What you are asked to do – Exactly how many lines in the entries contain "Конкурс"? Give that number alone.

────

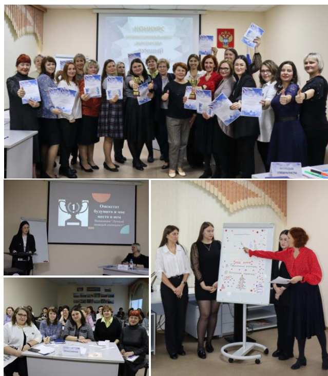
Конкурс профессионального мастерства «Лучший по профессии»

Конкурс прошел в веселом, динамичном и очень позитивном ключе, хотя немного волнительном для участников.
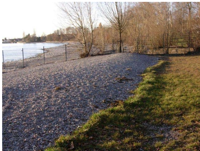
Mittlerweile deutlich größer geworden: angelandeter Kies am westlichen Ende des Kirchberger Campingplatzes (Februar 2014)
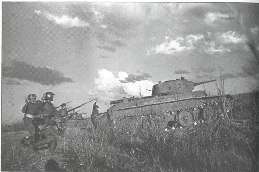
Атака советских частей
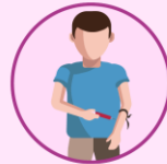
Intercambio de agujas
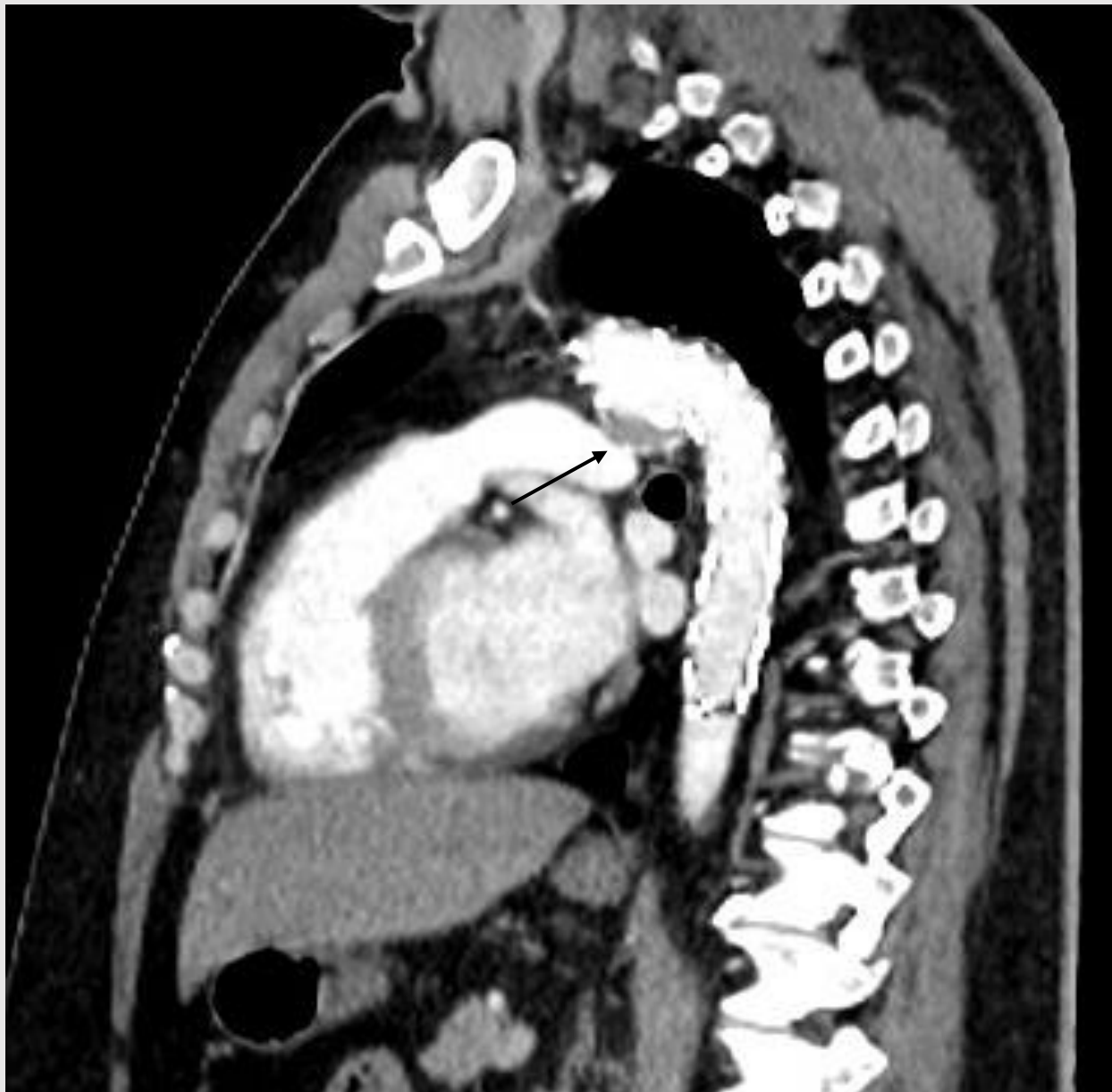
Slika 2. MSCT aortografija nakon TEVAR-a zbog sakularne aneurizme početnog dijela descendente torakalne aorte (uredan nalaz - obliterated aneurizma označena je strelicom).
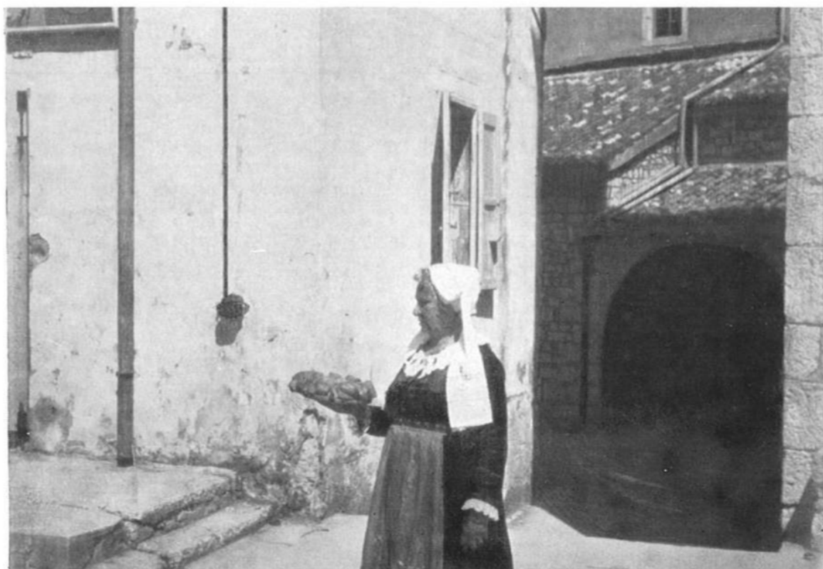
Kolač u »agventu«
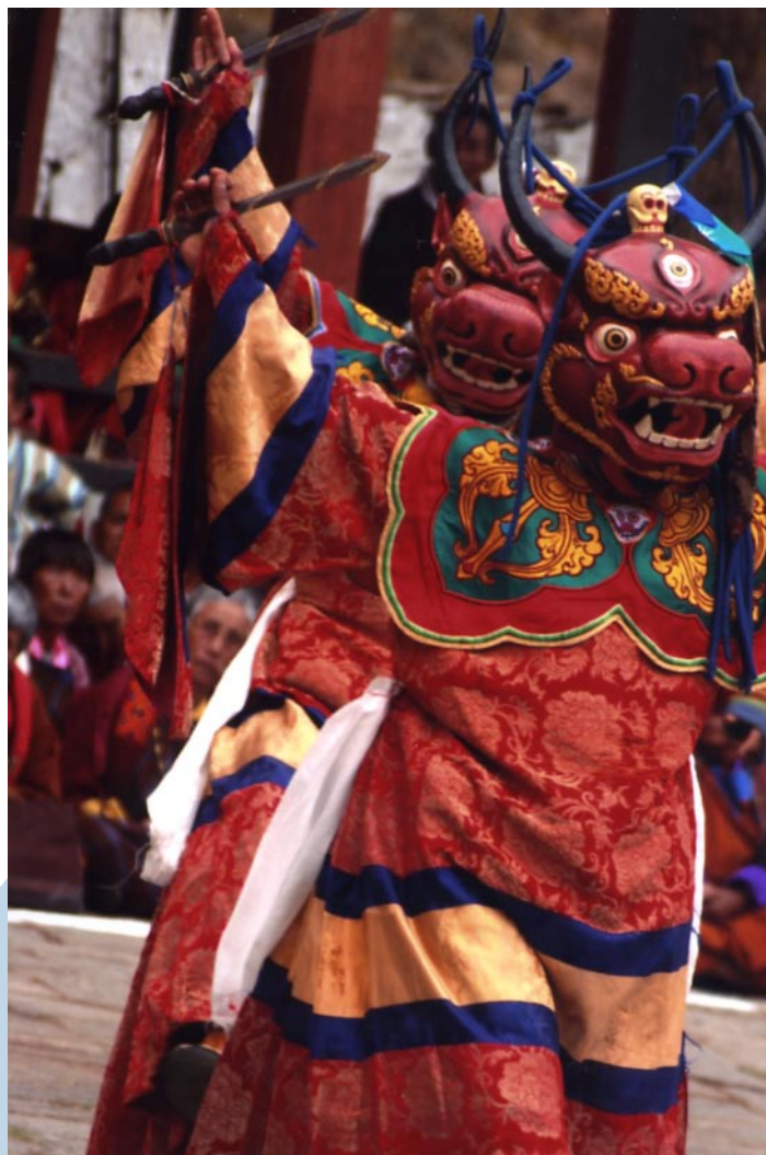
(Danze dei Monaci al Festival di Paro)

narici, stordendo. Per terra macchie rosse, resti di cercata inebrietà. Un girotondo coi bambini che alla terza volta già lo ripetevano in italiano. E il gioco della campana, uguale là come qua, migliaia di chilometri cancellati nell'attimo di un gioco condiviso.
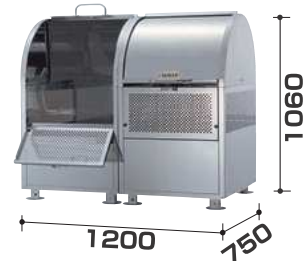
CKM-TN120R型 連結タイプ ¥242,000
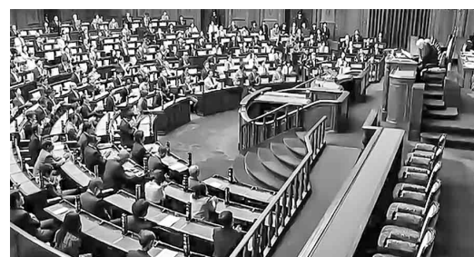
参議院本会議で全会一致で採択

請願署名の集約数は119万6,248筆(受理数111万9,000筆)で、衆議院は60万1,314筆(同55万7,975筆)、参議院は59万4,934筆(同56万1,025筆)。賛同署名については、9政党と無所属で368人(紹介議員は310人)で、衆院議員

────

Answer section – 2